An in-depth review
This HEART UK Nutrition Academy webpage has been funded by Novartis Pharmaceuticals UK Ltd who have had no input into the content or development of this material. |
Welcome to the first of our four-part blog series, where we will explore essential dietary interventions for achieving optimal blood lipids.
Dietary advice is pivotal in lipid management for optimal cardiovascular health. The leading cardiology organisations, such as the American Heart Association1, European Society of Cardiology2, and NICE3, have aligned their primary and secondary prevention guidance with similar dietary recommendations.
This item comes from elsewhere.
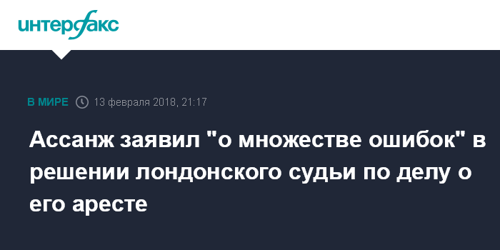"По всей видимости, это привело к множеству фактических ошибок в решении", - добавил Ассанж. Он напомнил, что у него есть еще три месяца на то, чтобы подать апелляцию на решение суда.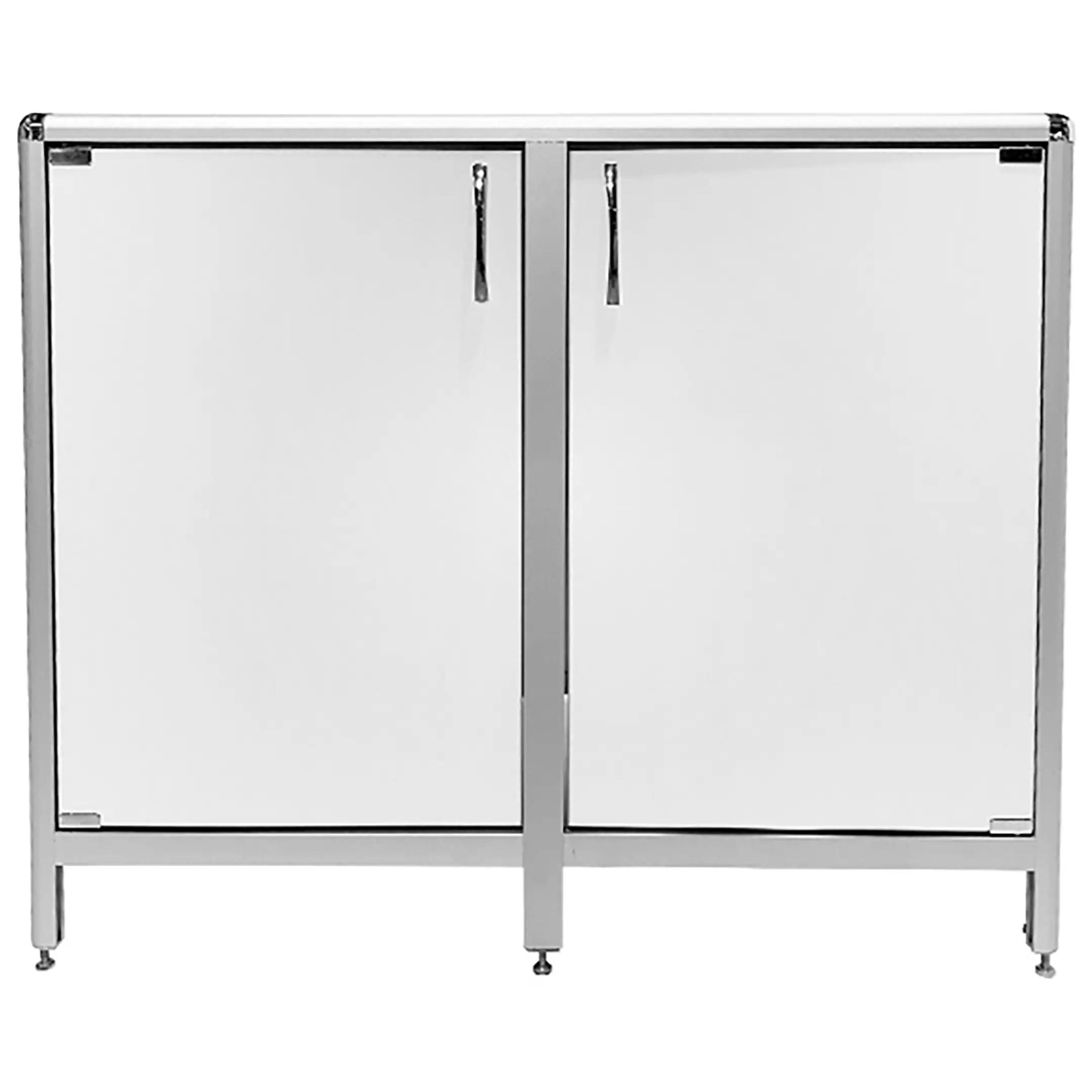 Стол-тумба лабораторная MED 12.011al (белый) — это функциональное решение для хранения лабораторного инвентаря, приборов и материалов в лабораториях и медицинских учреждениях. Модель оснащена двумя тумбами с распашными дверками и полками внутри (полки 463х545 мм). Каркас выполнен из алюминиевого профиля, столешница из ЛДСП толщиной 16 мм.

A critical dietary aspect of lipid management hinges on the quality of fats consumed and is the focus of our first blog.
The balance of dietary fats consumed by an individual can significantly influence the quality of plasma lipids: low density lipoprotein (LDL) cholesterol, high density lipoprotein (HDL) cholesterol and triglycerides (TGs)2,4–6.
Plasma lipids and cardiovascular risk
It is well established that elevated plasma LDL cholesterol is atherogenic and both raised LDL cholesterol and TGs are directly associated with increased cardiovascular disease (CVD) risk2,6–9.
With regard to HDL cholesterol, studies have found an inverse association with atherosclerotic CVD as a consequence of HDL's role to remove cholesterol from peripheral tissue and the circulation and return it to the liver for removal. However, recent evidence indicates a U-shaped correlation, with very high levels potentially increasing risk2,10. Furthermore, intervention studies trialling medication to increase HDL cholesterol have failed to demonstrate a benefit in cardiovascular outcomes11,12. Protective effects of HDL cholesterol seam to peak at levels around 1.3-1.4 mmol/L with little additional benefits seen at levels beyond 1.4mmol/L13.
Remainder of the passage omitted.